Zoloft lawsuits filed around the country have been consolidated to the U.S. District Court for the Eastern District of Pennsylvania in Philadelphia, PA, Judge Cynthia M. Rufe presiding. The U.S. Judicial Panel on Multi-District Litigation entered its Transfer Order creating the Zoloft MDL on April 17, 2012. At that time, the number of lawsuits numbered around 92. Today, 1 1/2 years later, there are close to 5 times as many cases (430+) in the Zoloft MDL. The first few cases are scheduled to begin in October 2014, but Plaintiffs and Pfizer are having a difficult time agreeing which of the cases should move forward.
The Zoloft lawsuits in the MDL share similar claims that the popular antidepressant drug causes birth defects when taken by pregnant women. These include holes in the heart (septal defects ASD and VSD), cleft palate, clubfoot, spina bifida, skull defects including craniosynostosis, and persistent pulmonary hypertension of the newborn (PPHN). The plaintiffs similarly have many of the same claims against Pfizer, including failure to warn of potential risks and negligence in the manufacture and marketing of Zoloft.

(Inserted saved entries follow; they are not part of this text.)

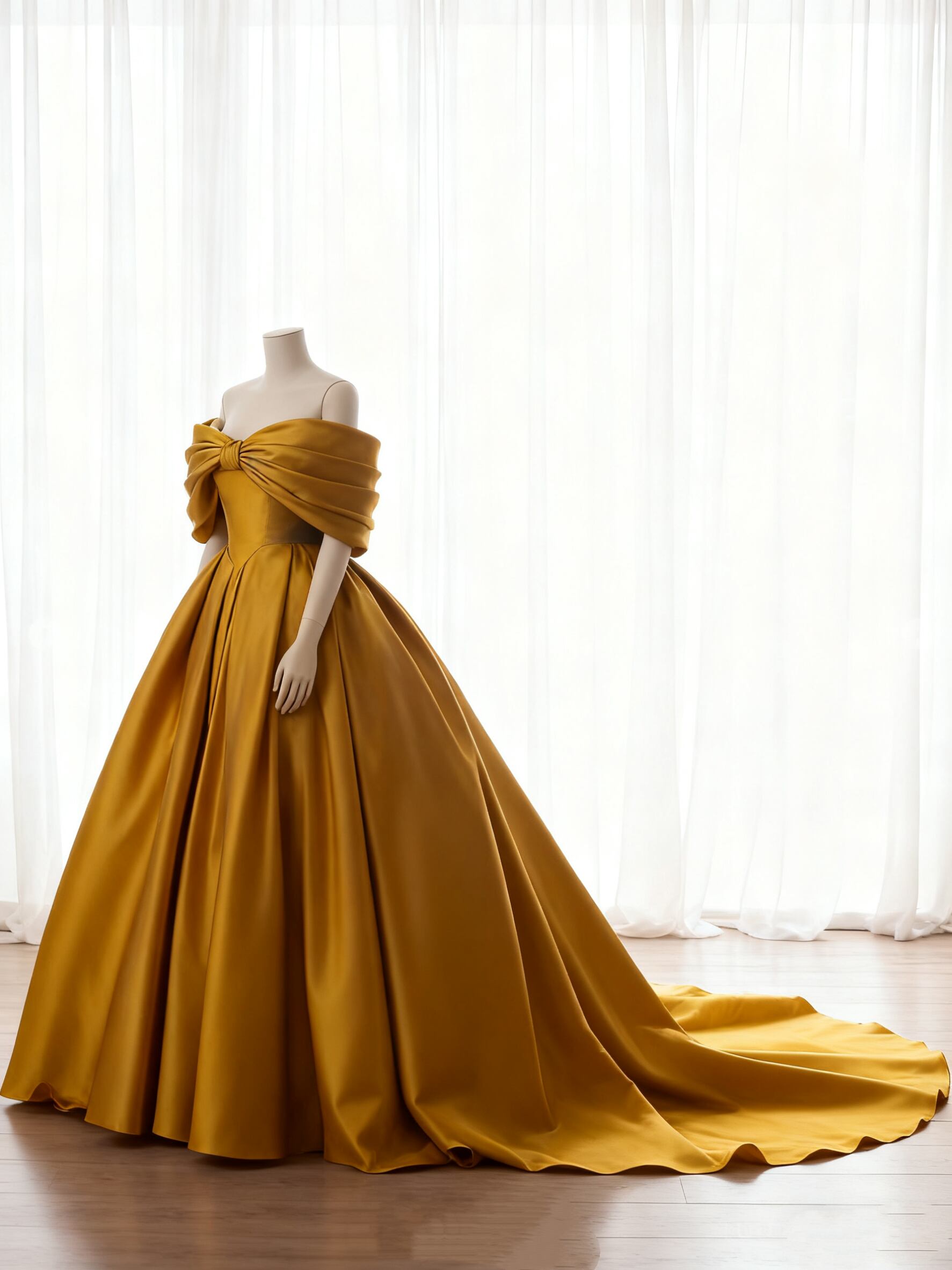カラードレス イエロー オフショルダー 光沢サテン ハンドドレープ 結婚式/披露宴 フレアスカート
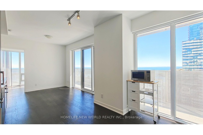 DescriptionElevated on the 48th floor, this bright 3-bedroom, 2-bathroom corner suite offers sweeping, unobstructed southwest views of Lake Ontario and striking perspectives of Toronto's downtown buildings from tall, expansive windows and a spacious wrap-around balcony. The residence is thoughtfully designed with smooth ceilings, hardwood flooring throughout, and upgraded stone floors in both bathrooms for a refined finish. A modern open-concept kitchen with integrated appliances and generous counter space anchors the living area, perfect for entertaining or quiet evenings at home. Enjoy the rare convenience of an included underground parking space and direct connection to Toronto's underground PATH system, providing seamless access to Union Station, Scotiabank Arena, Rogers Centre, the Financial and Entertainment Districts, and the Waterfront. World-class building amenities include a 24-hour concierge, indoor pool, fully equipped fitness centre, party and media rooms, children's play area, and an outdoor terrace with BBQs and lounge spaces. This exceptional residence offers luxury living with unmatched lake views and the best of downtown convenience.Amenities- Bike Storage
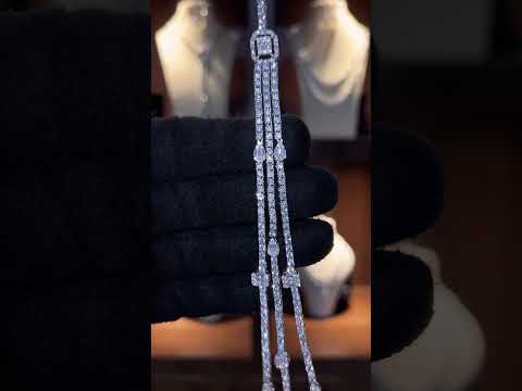 The shiny white long chain complete Set has high-quality white zircon stones and a rhodium-plated finish.
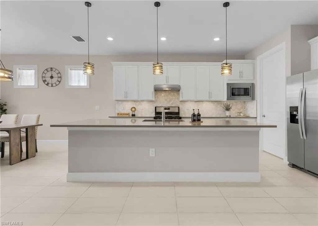 Best PRICED RIGHT IN BABCOCK RANCH WATERFRONT. Experience the pinnacle of waterfront elegance in this exceptional 3-bedroom, 2.5-bath residence perfectly situated on a premium lakefront lot in the heart of Babcock Ranch. Seller to assist with closing costs of $5,000 in the month of November only. Don’t miss out. Every detail of this move-in ready masterpiece has been designed for refined living from the soaring ceilings and sunlit open spaces to the awe-inspiring panoramic lake views that captivate from the moment you arrive. Step inside and be greeted by an atmosphere of serenity and sophistication. The expansive great room seamlessly blends indoor and outdoor living, with glass doors framing the tranquil water views beyond the enclosed, oversized patio an idyllic setting for morning coffee, sunset gatherings, or effortless entertaining. The chef-inspired kitchen features stainless steel appliances, a gas range with precise temperature control, a generous center island, and refined custom lighting and trim work that add both style and function. The primary suite offers a true retreat, complete with breathtaking lake views, dual walk-in closets, and a spa-like bath with a tiled walk-in shower. A versatile den with French doors and a full closet easily converts into a third bedroom or private office, while the guest suite provides comfort with a walk-in closet and a tub/shower combination. Additional luxury touches include: Extended two-car garage with room for a golf cart or workshop, Upgraded epoxy flooring in garage, 8-foot solid wood interior doors, Laundry room with utility sink and chute, and storm Hurricane shutters for peace of mind. Residents of Edgewater at Babcock Ranch enjoy exclusive access to a private heated pool, cabana, and lakeside fire pit, all within a secure gated enclave of just 168 homes. Lawn maintenance is included, ensuring a carefree lifestyle. Living in America’s first fully solar-powered town means enjoying sustainability without compromise — with access to miles of walking trails, fitness centers, parks, and multiple pools. The community’s elevation and underground utilities provide added protection from storms and power outages, while Founder’s Square offers vibrant shopping, dining, and year-round events just moments away. There will be other homes in Babcock that may suit you, but don’t miss your chance to see this one. It might just be the one. Discover the perfect balance of luxury, comfort, and community in this remarkable lakefront home.

The initial “trial pool” of 25 cases must be narrowed down to six, three from each side. Currently there is disagreement as to how to proceed. Pfizer proposes the Plaintiffs go first and pick three cases; then, the drug company will decide which of its cases to prepare and proceed to trial. The Plaintiffs argue that in the name of fairness, both sides simultaneously should select their cases. Pfizer further asks that only one case be presented on the October 13, 2014 trial date.
The Special Discovery Master, Andrew Chiris offers: “Let’s agree to disagree. ” Negotiations continue.